No amount of hyperbolic rationalization and ALL CAPS OBFUSCATION will change that.

BTW, just another reminder because you seem to have forgotten, not a liberal. Not a conservative. Mod-er-ate. I lean right sometimes, I lean left sometimes, it's like riding a motorcycle on a curvy road. You always lean the same way, you either end up back where you started or go off the road.

Mod-er-ate.

Linda Aikins 8 years, 10 months ago

Badger stupid? He's one of the better posters here. He knows his stuff and writes at a 6th grad level so even I can understand.

Linda Aikins 8 years, 10 months ago

grade! I meant grade!!!

I don't want that pesky grad student all over my back.

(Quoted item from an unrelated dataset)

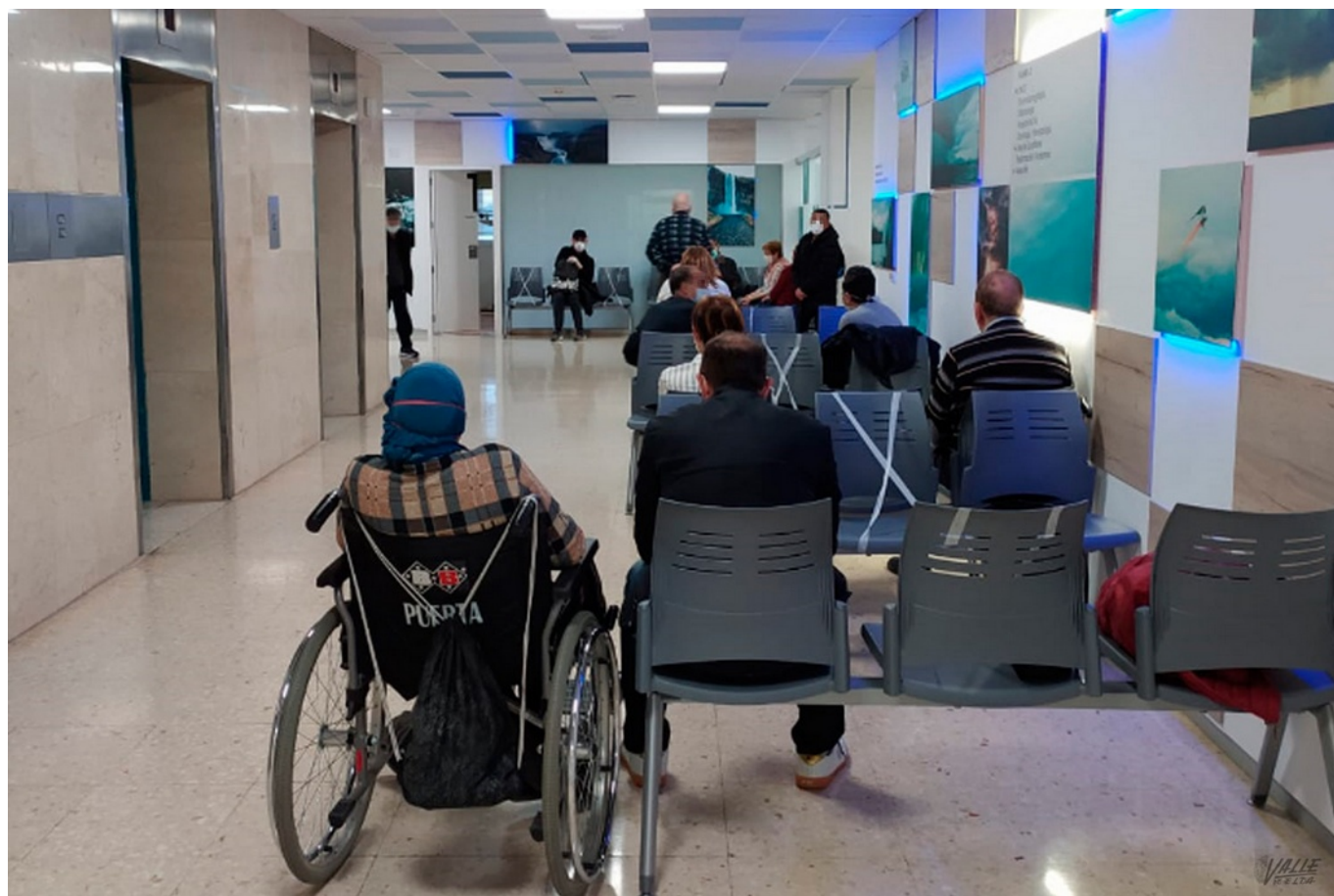
Imagen del hospital de Elda.

La situación de pandemia por la COVID-19, un virus desconocido y muy contagioso , unido a la escasez de equipos de protección como mascarillas y EPIS o trajes especiales, ha hecho que numerosos sanitarios se contagien en España, y Elda no es una excepción , pues más de veinte de ellos, sobre todo enfermeras y médicos, han dado positivo en las pruebas por coronavirus. Es posible que haya más infectados, pero los test para su detección se han agotado.

badger 8 years, 10 months ago

Thank you Gootsie!

That's very nice of you to say!

momof4 8 years, 10 months ago

Badger, I have to agree with you. When the city commision in their infinite wisdom, banned fireworks, my husband and I had a difficult decision to make. Do we allow our children to shoot off fireworks, because 1) we probably won't get caught and 2) we don't agree with the ban, or, do we follow the laws and ordinances of the city. We finally decided we had to follow the law, in good conscience we couldn't teach our children that it's okay to break the law just because you don't agree with it. Instead we encouraged them to write to the commisioners and explain their position.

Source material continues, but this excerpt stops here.